Description Rafael J. Wysocki 2010-06-21 19:04:09 UTC
Subject    : Why is kslowd accumulating so much CPU time?
Submitter  : "Theodore Ts'o" <tytso@mit.edu>
Date       : 2010-06-09 18:36
Message-ID : E1OMQ88-0002a1-Gb@closure.thunk.org
References : http://marc.info/?l=linux-kernel&m=127610857819033&w=4

This entry is being used for tracking a regression from 2.6..  Please don't
close it until the problem is fixed in the mainline.

Caused by:

commit fbf81762e385d3d45acad057b654d56972acf58c
Author: Dave Airlie <airlied@redhat.com>
Date:   Tue Jun 1 09:09:06 2010 +1000

    drm/kms: disable/enable poll around switcheroo on/off
    
    Because we aren't in a suspend state the poll will still run when we have switcherooed a card off.
    
    Signed-off-by: Dave Airlie <airlied@redhat.com>

First-Bad-Commit : fbf81762e385d3d45acad057b654d56972acf58c
Comment 1 Rafael J. Wysocki 2010-07-23 20:03:18 UTC
On Friday, July 23, 2010, Nick Bowler wrote:
> On 13:47 Fri 23 Jul     , Rafael J. Wysocki wrote:
> > This message has been generated automatically as a part of a summary report
> > of recent regressions.
> > 
> > The following bug entry is on the current list of known regressions
> > from 2.6.34.  Please verify if it still should be listed and let the
> tracking team
> > know (either way).
> > 
> > 
> > Bug-Entry   : http://bugzilla.kernel.org/show_bug.cgi?id=16265
> > Subject             : Why is kslowd accumulating so much CPU time?
> > Submitter   : Theodore Ts'o <tytso@mit.edu>
> > Date                : 2010-06-09 18:36 (45 days old)
> 
> I actually haven't been able to reproduce with kernels since a couple
> weeks ago (still reproducible if I go back to 2.6.35-rc3, though).
> Seems to be fixed somehow, can anyone else confirm?
Comment 2 Thomas Lindroth 2010-07-24 13:19:51 UTC
I'm still experiencing what I believe to be this bug on 2.6.35-rc6. The mouse stalls every few seconds and the kslowd threads use a lot of cpu when the mouse stalls. The problem started after upgrading from 2.6.34.

I'm using an intel 965GM connected with HDMI.
Comment 3 alfonso.pola 2010-08-12 00:15:51 UTC
I'm having this problem with kernel 2.6.35.1 in archlinux.
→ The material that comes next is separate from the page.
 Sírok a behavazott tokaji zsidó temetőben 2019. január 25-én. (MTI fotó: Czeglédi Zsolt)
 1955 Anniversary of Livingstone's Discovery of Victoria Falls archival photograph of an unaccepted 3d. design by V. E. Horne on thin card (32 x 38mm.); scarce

I'm willing to provide debugging information, I just don't know what should I post. I have a lenovo sl300 laptop with intel integrated graphics (HD4500 I believe).
Comment 4 Chris Wilson 2010-08-13 08:13:45 UTC
Ok, we understand what's going on here now. Every 10s the non-hotplug capable outputs are polled for connection/disconnection events. For a certain class of analog device on some hardware this is very slow and CPU intensive.
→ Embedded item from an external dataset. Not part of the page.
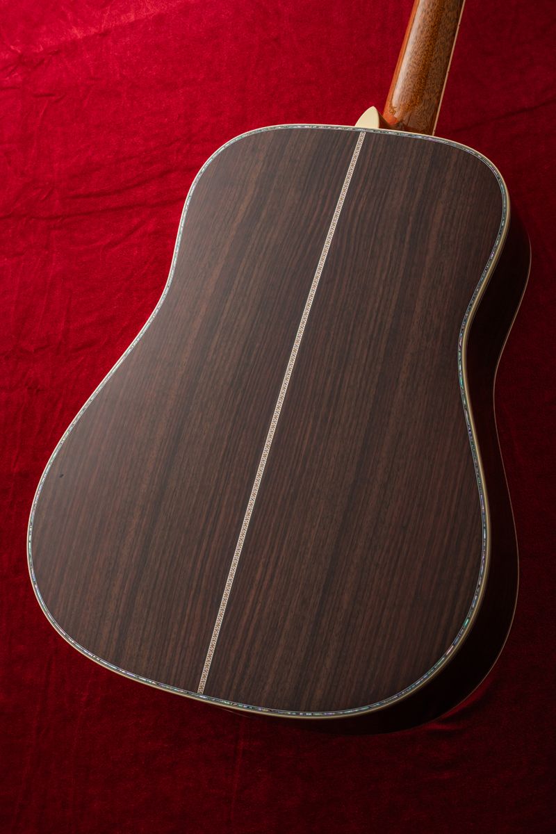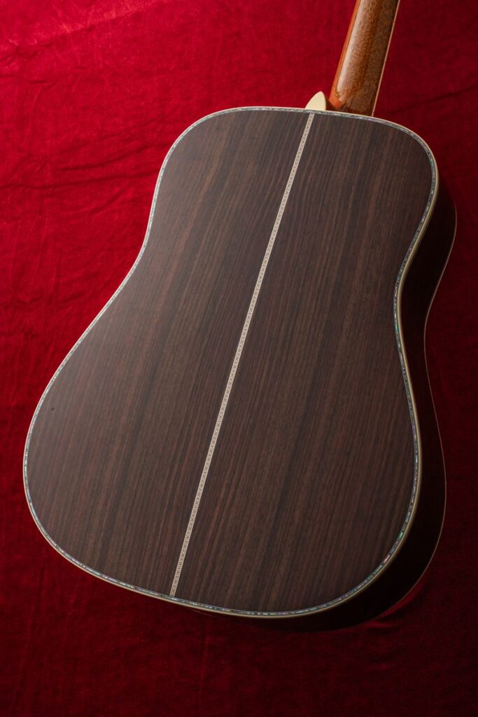 非常に目の詰まったプレミアムグレードに相応しいシトカ・スプルーストップ、目の詰まった極上のインディアン・ローズウッドバック。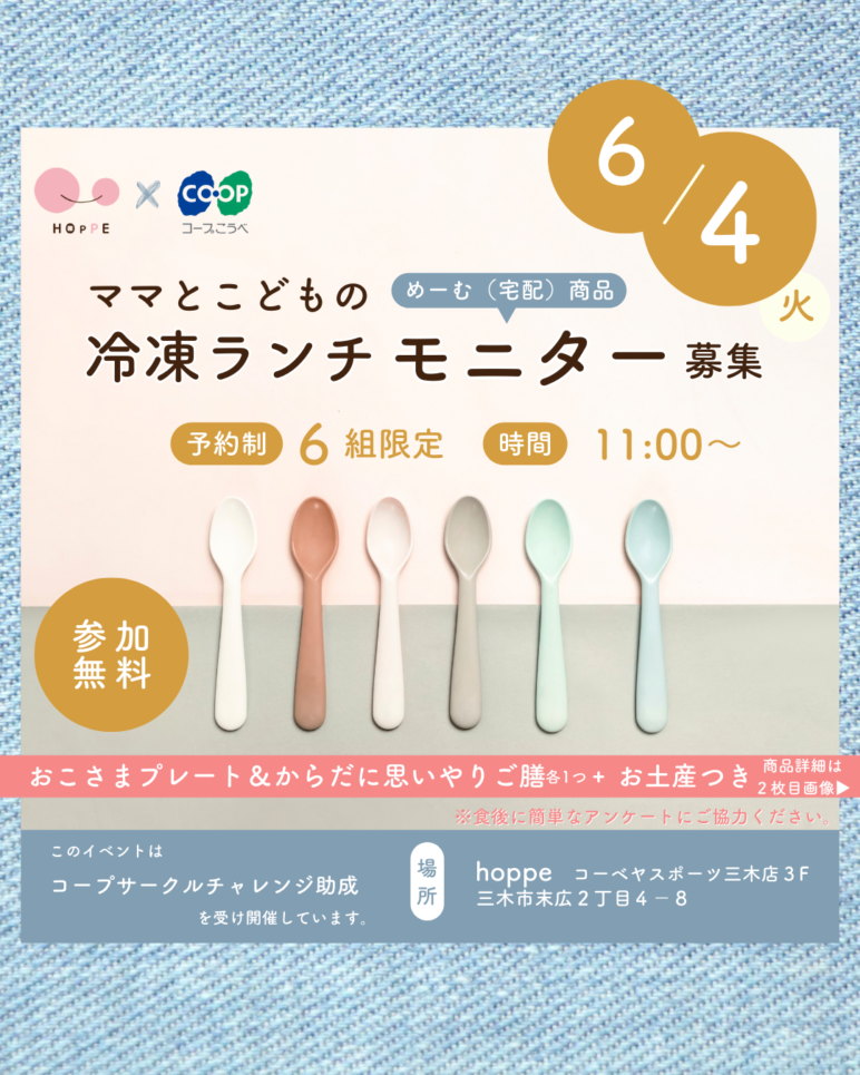 めーむ(宅配)冷凍ランチの試食をみんなで楽しみましょう!こども用1つ、大人用1つはhoppeでレンジ調理から試食まで行ってください。※試食対象商品は画像をご確認ください。コープこうべからサンプルをお渡ししますので、保冷バッグをご持参ください。【日時】2024/6/4(火)11:00~【定員】6組【対象】乳幼児親子【料金】無料 ※こちらのイベント参加の方は、hoppe「親子のibasho」利用料も不要です。【持物】保冷バッグ、スプーン、お箸、のみもの(必要な方)【場所】hoppe コーベヤスポーツ三木本店3階(三木市末広2丁目4-8)

See also https://bugs.freedesktop.org/show_bug?id=29536

The first workaround proposed is just to disable polling via a module parameter. The eventual solution will likely be a mix of finer grained locking and cheaper, non-destructive polling.
Comment 5 alfonso.pola 2010-08-13 19:51:15 UTC
ok, cool.

PS: The link is http://bugs.freedesktop.org/show_bug.cgi?id=29536
Comment 6 Florian Mickler 2010-09-07 06:37:49 UTC
Handled-By: Chris Wilson <chris@chris-wilson.co.uk>
References: http://bugs.freedesktop.org/show_bug.cgi?id=29536
Comment 7 Takehiko Abe 2010-09-22 11:58:39 UTC
The "automatic workaround" does not work for me. I needed to set the
module parameter to "disable polling". There is a similar bug
reported:

Bug 18802 kworker: high CPU usage -> system sluggish
https://bugzilla.kernel.org/show_bug.cgi?id=18802
Comment 8 Florian Mickler 2011-01-12 10:48:30 UTC
*** Bug 18802 has been marked as a duplicate of this bug. ***
Comment 9 Florian Mickler 2011-01-12 11:19:26 UTC
Is this issue still visible on 2.6.37?
Comment 10 Florian Mickler 2011-01-12 11:37:46 UTC
I'm closing this for now, please reopen or shout if this issue is still unresolved for you. 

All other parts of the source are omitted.